> **Your assignment**: Wherever a line in the data holds the word "пространства", pull that line out.

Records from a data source
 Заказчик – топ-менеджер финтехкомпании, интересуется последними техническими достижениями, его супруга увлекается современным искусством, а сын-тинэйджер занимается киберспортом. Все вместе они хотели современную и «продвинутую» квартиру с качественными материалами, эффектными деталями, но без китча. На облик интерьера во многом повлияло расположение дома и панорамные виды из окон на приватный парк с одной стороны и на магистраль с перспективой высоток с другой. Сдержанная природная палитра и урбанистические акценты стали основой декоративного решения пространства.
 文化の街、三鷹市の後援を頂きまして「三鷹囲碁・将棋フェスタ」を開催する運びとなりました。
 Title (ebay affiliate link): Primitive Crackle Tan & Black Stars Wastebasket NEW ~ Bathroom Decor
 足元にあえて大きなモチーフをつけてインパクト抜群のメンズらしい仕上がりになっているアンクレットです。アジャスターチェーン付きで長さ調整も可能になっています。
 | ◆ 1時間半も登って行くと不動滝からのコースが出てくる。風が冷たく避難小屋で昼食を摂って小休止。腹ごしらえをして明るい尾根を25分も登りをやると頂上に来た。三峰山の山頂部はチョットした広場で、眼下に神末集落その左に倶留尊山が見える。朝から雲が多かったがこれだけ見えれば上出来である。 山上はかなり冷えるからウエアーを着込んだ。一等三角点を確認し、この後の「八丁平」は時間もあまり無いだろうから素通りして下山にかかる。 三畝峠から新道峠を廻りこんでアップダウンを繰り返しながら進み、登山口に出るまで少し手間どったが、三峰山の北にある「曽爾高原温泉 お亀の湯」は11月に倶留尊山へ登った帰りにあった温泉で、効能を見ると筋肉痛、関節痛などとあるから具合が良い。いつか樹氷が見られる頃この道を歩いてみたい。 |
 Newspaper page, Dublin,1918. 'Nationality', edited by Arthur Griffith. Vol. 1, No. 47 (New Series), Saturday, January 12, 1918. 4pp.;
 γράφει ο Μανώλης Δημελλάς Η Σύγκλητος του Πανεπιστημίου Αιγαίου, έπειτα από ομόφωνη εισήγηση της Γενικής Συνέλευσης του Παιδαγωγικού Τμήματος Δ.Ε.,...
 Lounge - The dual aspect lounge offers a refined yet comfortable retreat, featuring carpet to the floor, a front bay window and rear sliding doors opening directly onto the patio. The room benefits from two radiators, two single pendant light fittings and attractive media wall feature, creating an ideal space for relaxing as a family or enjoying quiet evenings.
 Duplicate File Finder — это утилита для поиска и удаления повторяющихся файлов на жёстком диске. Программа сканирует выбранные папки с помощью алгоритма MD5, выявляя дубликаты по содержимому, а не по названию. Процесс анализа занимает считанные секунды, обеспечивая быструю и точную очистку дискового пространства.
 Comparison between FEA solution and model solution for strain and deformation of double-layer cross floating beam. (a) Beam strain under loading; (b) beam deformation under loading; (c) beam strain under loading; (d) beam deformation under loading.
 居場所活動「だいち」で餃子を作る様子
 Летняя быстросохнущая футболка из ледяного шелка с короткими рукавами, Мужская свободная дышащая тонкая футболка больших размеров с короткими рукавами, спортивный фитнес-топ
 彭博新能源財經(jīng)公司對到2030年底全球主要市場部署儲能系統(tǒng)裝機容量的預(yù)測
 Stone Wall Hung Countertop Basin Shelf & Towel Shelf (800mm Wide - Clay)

> **Reply to the exercise**:
 Заказчик – топ-менеджер финтехкомпании, интересуется последними техническими достижениями, его супруга увлекается современным искусством, а сын-тинэйджер занимается киберспортом. Все вместе они хотели современную и «продвинутую» квартиру с качественными материалами, эффектными деталями, но без китча. На облик интерьера во многом повлияло расположение дома и панорамные виды из окон на приватный парк с одной стороны и на магистраль с перспективой высоток с другой. Сдержанная природная палитра и урбанистические акценты стали основой декоративного решения пространства.
 Duplicate File Finder — это утилита для поиска и удаления повторяющихся файлов на жёстком диске. Программа сканирует выбранные папки с помощью алгоритма MD5, выявляя дубликаты по содержимому, а не по названию. Процесс анализа занимает считанные секунды, обеспечивая быструю и точную очистку дискового пространства.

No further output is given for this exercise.